Records to process section start
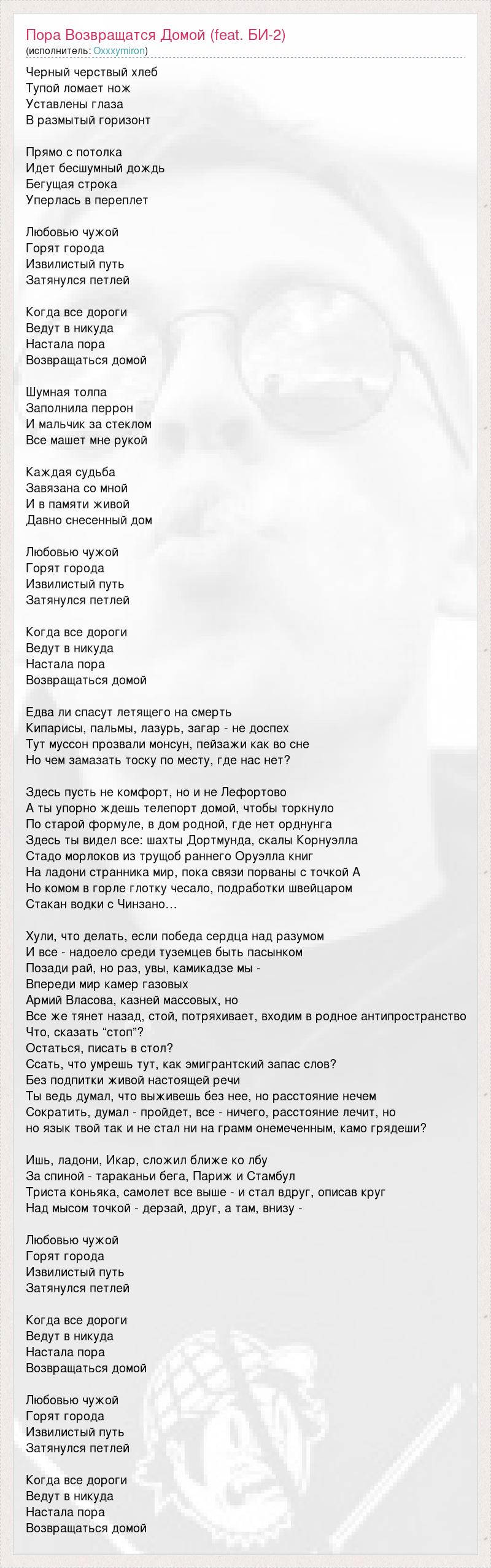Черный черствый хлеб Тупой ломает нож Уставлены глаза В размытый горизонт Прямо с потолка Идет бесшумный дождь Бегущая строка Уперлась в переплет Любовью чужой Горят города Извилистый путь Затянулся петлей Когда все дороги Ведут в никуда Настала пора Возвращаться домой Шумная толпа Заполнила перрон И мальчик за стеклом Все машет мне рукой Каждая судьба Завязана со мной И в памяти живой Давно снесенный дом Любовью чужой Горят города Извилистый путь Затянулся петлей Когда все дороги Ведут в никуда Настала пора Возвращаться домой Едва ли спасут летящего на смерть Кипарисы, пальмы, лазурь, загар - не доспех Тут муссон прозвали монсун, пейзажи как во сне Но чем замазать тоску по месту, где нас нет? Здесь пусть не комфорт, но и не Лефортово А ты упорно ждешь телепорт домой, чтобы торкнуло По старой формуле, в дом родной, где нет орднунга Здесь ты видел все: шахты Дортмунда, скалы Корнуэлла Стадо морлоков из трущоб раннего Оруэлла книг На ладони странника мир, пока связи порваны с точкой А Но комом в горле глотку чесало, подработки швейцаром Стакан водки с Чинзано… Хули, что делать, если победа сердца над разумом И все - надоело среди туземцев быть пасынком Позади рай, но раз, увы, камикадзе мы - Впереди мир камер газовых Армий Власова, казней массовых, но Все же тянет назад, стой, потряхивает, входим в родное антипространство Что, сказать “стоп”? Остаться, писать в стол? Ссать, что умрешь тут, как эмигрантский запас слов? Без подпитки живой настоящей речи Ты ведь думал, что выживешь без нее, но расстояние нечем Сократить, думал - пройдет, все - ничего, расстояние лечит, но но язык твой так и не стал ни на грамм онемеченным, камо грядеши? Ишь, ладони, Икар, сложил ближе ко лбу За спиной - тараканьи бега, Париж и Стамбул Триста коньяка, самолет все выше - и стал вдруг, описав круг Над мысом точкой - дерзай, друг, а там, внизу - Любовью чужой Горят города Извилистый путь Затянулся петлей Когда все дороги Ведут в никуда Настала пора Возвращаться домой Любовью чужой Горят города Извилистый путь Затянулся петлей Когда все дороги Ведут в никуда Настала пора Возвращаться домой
Records to process section end
Records to process section start
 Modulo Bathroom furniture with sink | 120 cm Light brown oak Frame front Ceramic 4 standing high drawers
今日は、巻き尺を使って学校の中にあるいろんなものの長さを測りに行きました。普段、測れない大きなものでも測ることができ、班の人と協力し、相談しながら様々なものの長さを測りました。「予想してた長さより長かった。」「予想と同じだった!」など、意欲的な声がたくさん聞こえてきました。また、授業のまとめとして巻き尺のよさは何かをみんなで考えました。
Records to process section end
Exercise description —
Copy, exactly and only, the lines above that begin with the one containing "Modulo Bathroom furniture" and finish with the one containing "今日は、巻き尺を使って学校の".

Response below —
 Modulo Bathroom furniture with sink | 120 cm Light brown oak Frame front Ceramic 4 standing high drawers
今日は、巻き尺を使って学校の中にあるいろんなものの長さを測りに行きました。普段、測れない大きなものでも測ることができ、班の人と協力し、相談しながら様々なものの長さを測りました。「予想してた長さより長かった。」「予想と同じだった!」など、意欲的な声がたくさん聞こえてきました。また、授業のまとめとして巻き尺のよさは何かをみんなで考えました。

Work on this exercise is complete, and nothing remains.